■ **The problem**
Pictures are to be left out, and every entry repeated exactly.

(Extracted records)
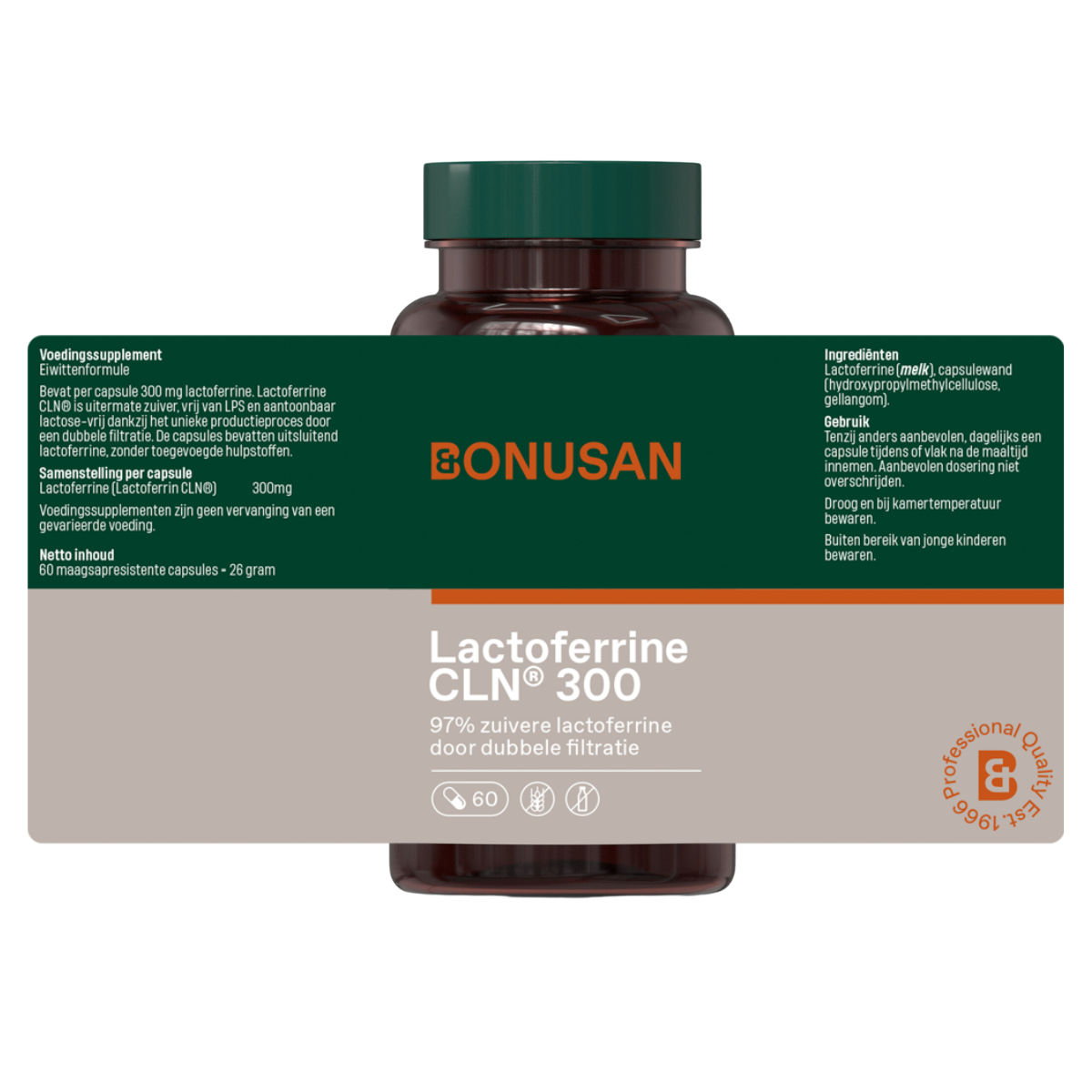 Bonusan Lactoferrine 300 mg bevat per capsule 300 mg natuurlijke en gezuiverde lactoferrine zonder detecteerbare niveaus van LPS.
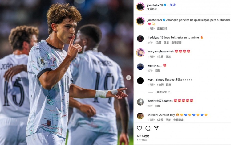 9月7日訊 葡萄牙在本輪世預(yù)賽客場(chǎng)5-0大勝亞美尼亞,菲利克斯雙響建功。
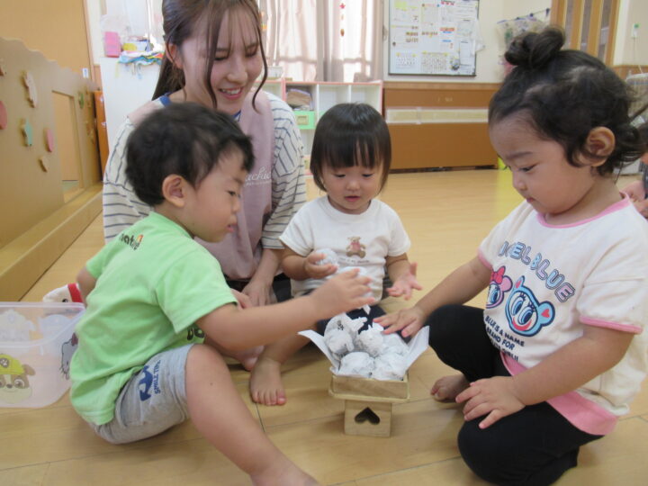 「今日はお月見!お月さまがとってもきれいな日」と紙芝居や絵本の読み聞かせの活動を子どもたちと楽しんだ後・・・
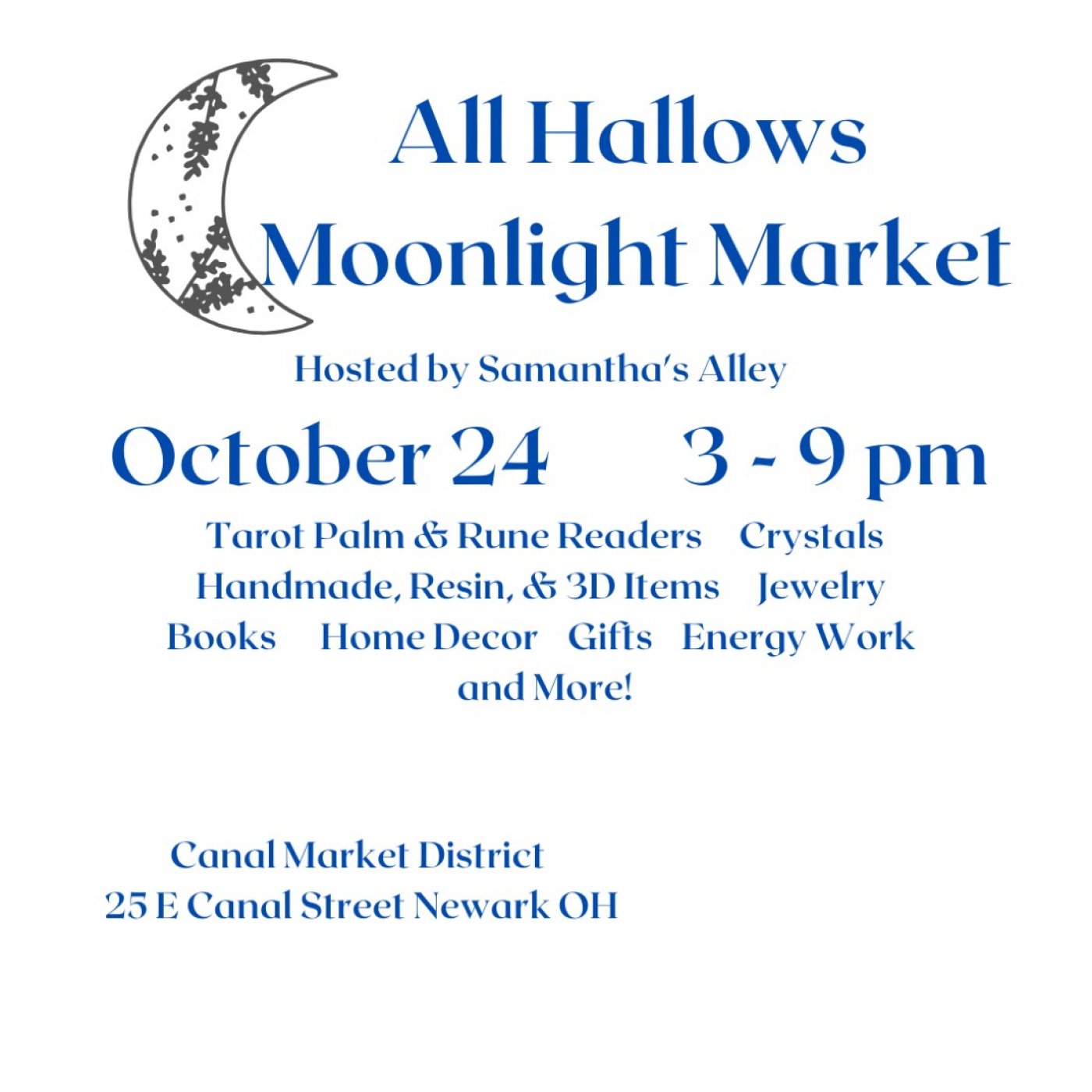 Outdoor metaphysical faire in the busy downtown Newark Ohio Canal Market District. Tarot readers Palm reader Runes reader handcrafted art handmade jewelry items Energy workers gift items for everyone on your list - including you! Home decor home cottage foods including baked goods home made jams and jellies beautiful turned wood bowls and the list goes on. We are within walking distance of downtown restaurants and bars and next door to the Licking County Haunted "Jail of Terror" attraction.
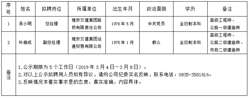 根据集团公司《人才选聘实施办法》,顺利获得资格审查、面试、体检、考察等程序,经集团公司研究,对以下拟聘用人员予以公示:
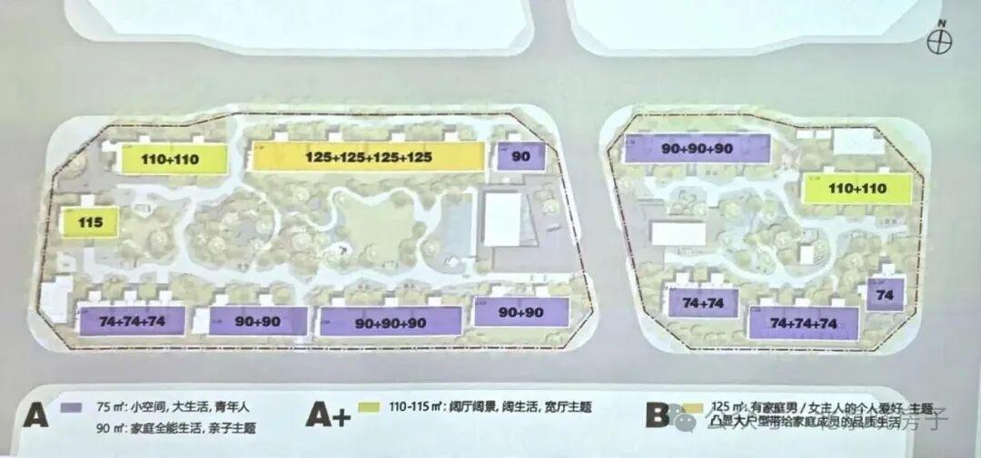 两幅住宅子地块地形都不错,比较方正,特别是西区,东西长而南北短,利于打造大面宽产品。规划了3栋小高层+12栋洋房,围合式布局。
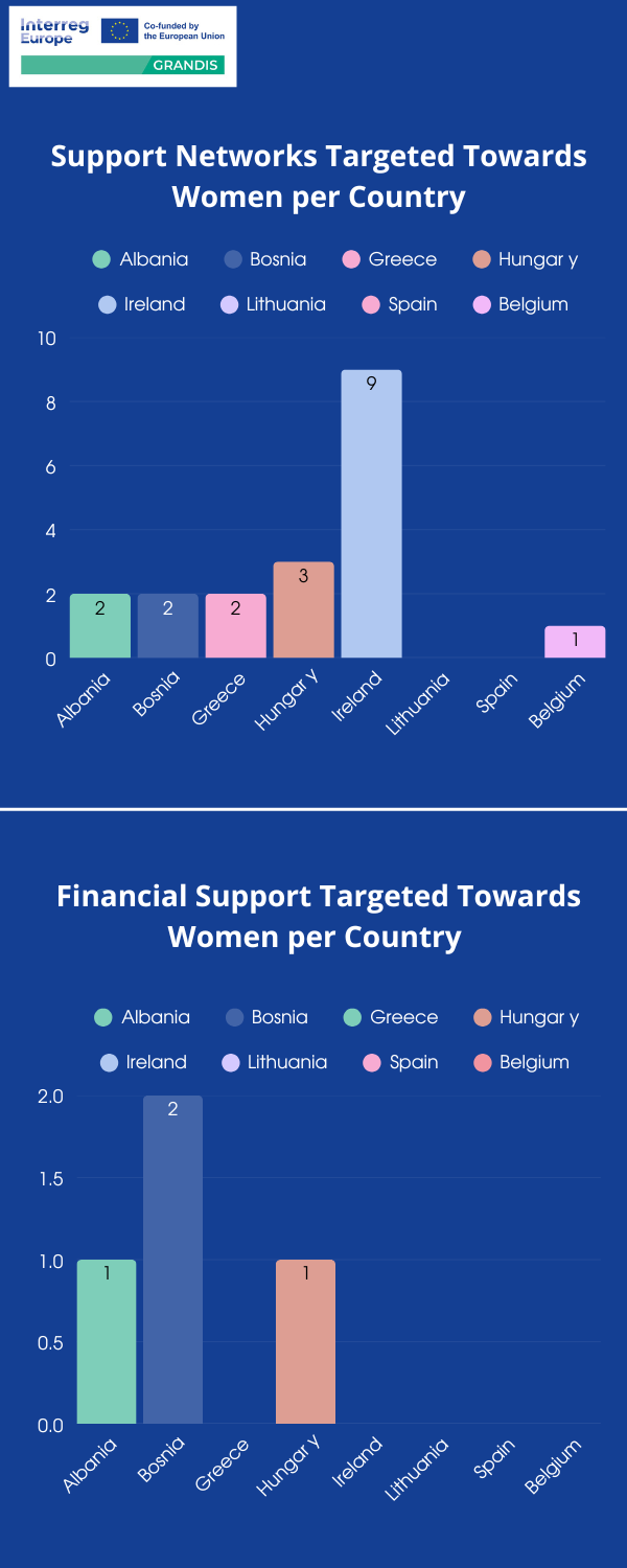 • A női vállalkozók számára elérhető pénzügyi támogatások és ösztönzők nagy része magánfinanszírozás (50%) vagy induló vállalkozásoknak szóló ösztönzők (26%). A kifejezetten nőknek szóló finanszírozás terén is egyértelműen hiány mutatkozik, a 8 országból összesen 4 esetet azonosítottak Magyarországon, Albániában és Boszniában.
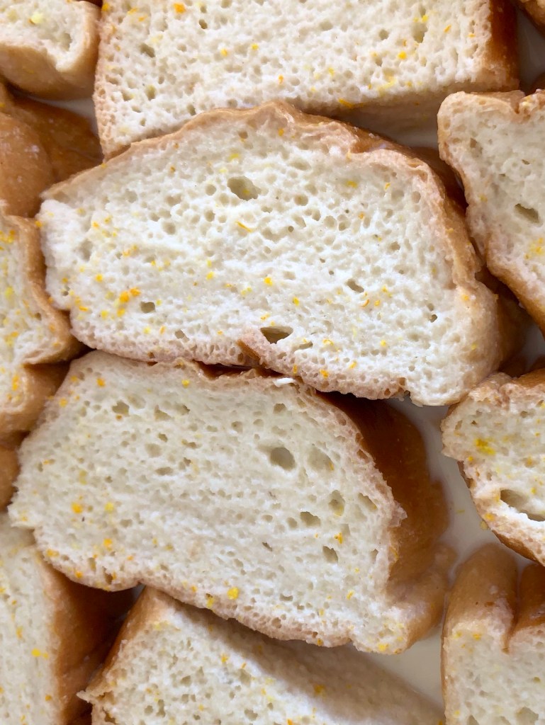 - Pasado ese tiempo quitar la rama de canela, rociar poco a poco por encima del pan ya cortado en rebanadas para que se empapen bien hasta estar bien mojadas y jugosas, dejar hasta que absorban la leche.
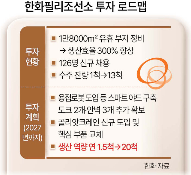 ▶인수 후 1만8000㎡ 부지 정비 거쳐…내후년까지 투자 계속=이를 포함해 한화가 인수 이후 새롭게 정비한 조선소 면적은 1만8000㎡에 달한다. 이 과정에서 한화오션의 대형 블록 공법이 적용돼 해당 공정의 생산능력은 기존 대비 두 배 이상 확대됐다. 기존의 유휴 부지는 블록 및 자재 적치 공간으로 만들어 생산 효율을 약 300%까지 끌어올렸다. 이런 과정을 한화 인수 직전 1척에 불과했던 한화필리조선소 수주 잔량은 현재 13척으로 늘어났다.
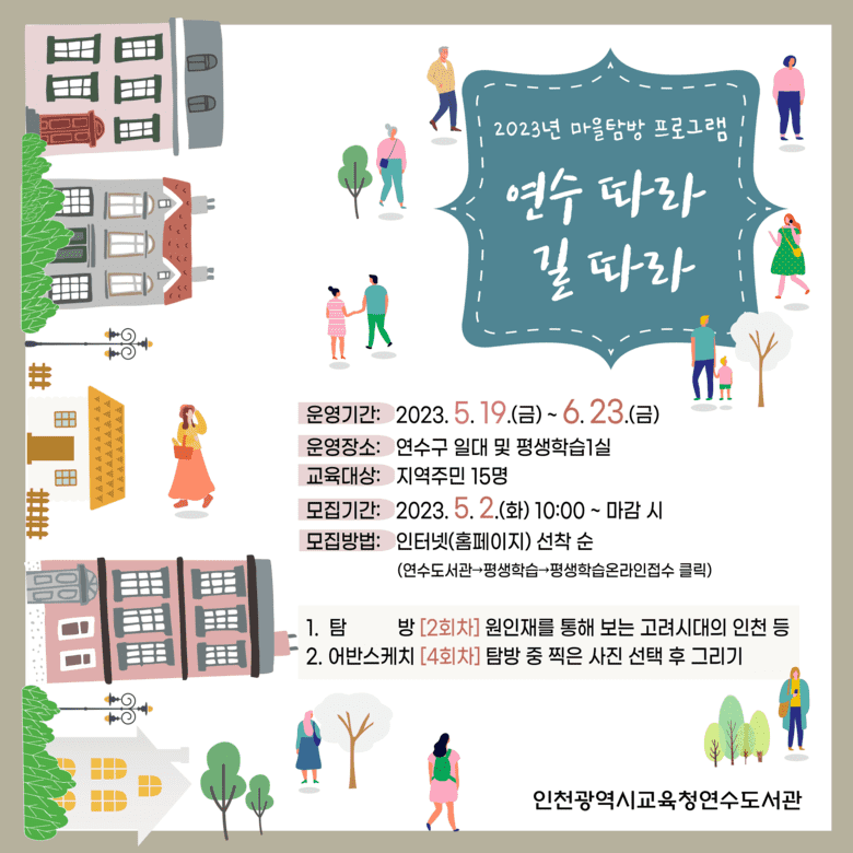 [인천 세계타임즈=심하린 기자] 인천광역시교육청연수도서관(관장 이인우)은 올해 마을 탐방 프로그램 ‘연수 따라 길 따라’ 강좌를 5월 19일부터 6월 23일까지 매주 금요일 오전 10시부터 두 시간 동안 대면으로 운영한다.

■ **Solved exercise**
 Bonusan Lactoferrine 300 mg bevat per capsule 300 mg natuurlijke en gezuiverde lactoferrine zonder detecteerbare niveaus van LPS.
 9月7日訊 葡萄牙在本輪世預(yù)賽客場(chǎng)5-0大勝亞美尼亞,菲利克斯雙響建功。
 「今日はお月見!お月さまがとってもきれいな日」と紙芝居や絵本の読み聞かせの活動を子どもたちと楽しんだ後・・・
 Outdoor metaphysical faire in the busy downtown Newark Ohio Canal Market District. Tarot readers Palm reader Runes reader handcrafted art handmade jewelry items Energy workers gift items for everyone on your list - including you! Home decor home cottage foods including baked goods home made jams and jellies beautiful turned wood bowls and the list goes on. We are within walking distance of downtown restaurants and bars and next door to the Licking County Haunted "Jail of Terror" attraction.
 根据集团公司《人才选聘实施办法》,顺利获得资格审查、面试、体检、考察等程序,经集团公司研究,对以下拟聘用人员予以公示:
 两幅住宅子地块地形都不错,比较方正,特别是西区,东西长而南北短,利于打造大面宽产品。规划了3栋小高层+12栋洋房,围合式布局。
 • A női vállalkozók számára elérhető pénzügyi támogatások és ösztönzők nagy része magánfinanszírozás (50%) vagy induló vállalkozásoknak szóló ösztönzők (26%). A kifejezetten nőknek szóló finanszírozás terén is egyértelműen hiány mutatkozik, a 8 országból összesen 4 esetet azonosítottak Magyarországon, Albániában és Boszniában.
 - Pasado ese tiempo quitar la rama de canela, rociar poco a poco por encima del pan ya cortado en rebanadas para que se empapen bien hasta estar bien mojadas y jugosas, dejar hasta que absorban la leche.
 ▶인수 후 1만8000㎡ 부지 정비 거쳐…내후년까지 투자 계속=이를 포함해 한화가 인수 이후 새롭게 정비한 조선소 면적은 1만8000㎡에 달한다. 이 과정에서 한화오션의 대형 블록 공법이 적용돼 해당 공정의 생산능력은 기존 대비 두 배 이상 확대됐다. 기존의 유휴 부지는 블록 및 자재 적치 공간으로 만들어 생산 효율을 약 300%까지 끌어올렸다. 이런 과정을 한화 인수 직전 1척에 불과했던 한화필리조선소 수주 잔량은 현재 13척으로 늘어났다.
 [인천 세계타임즈=심하린 기자] 인천광역시교육청연수도서관(관장 이인우)은 올해 마을 탐방 프로그램 ‘연수 따라 길 따라’ 강좌를 5월 19일부터 6월 23일까지 매주 금요일 오전 10시부터 두 시간 동안 대면으로 운영한다.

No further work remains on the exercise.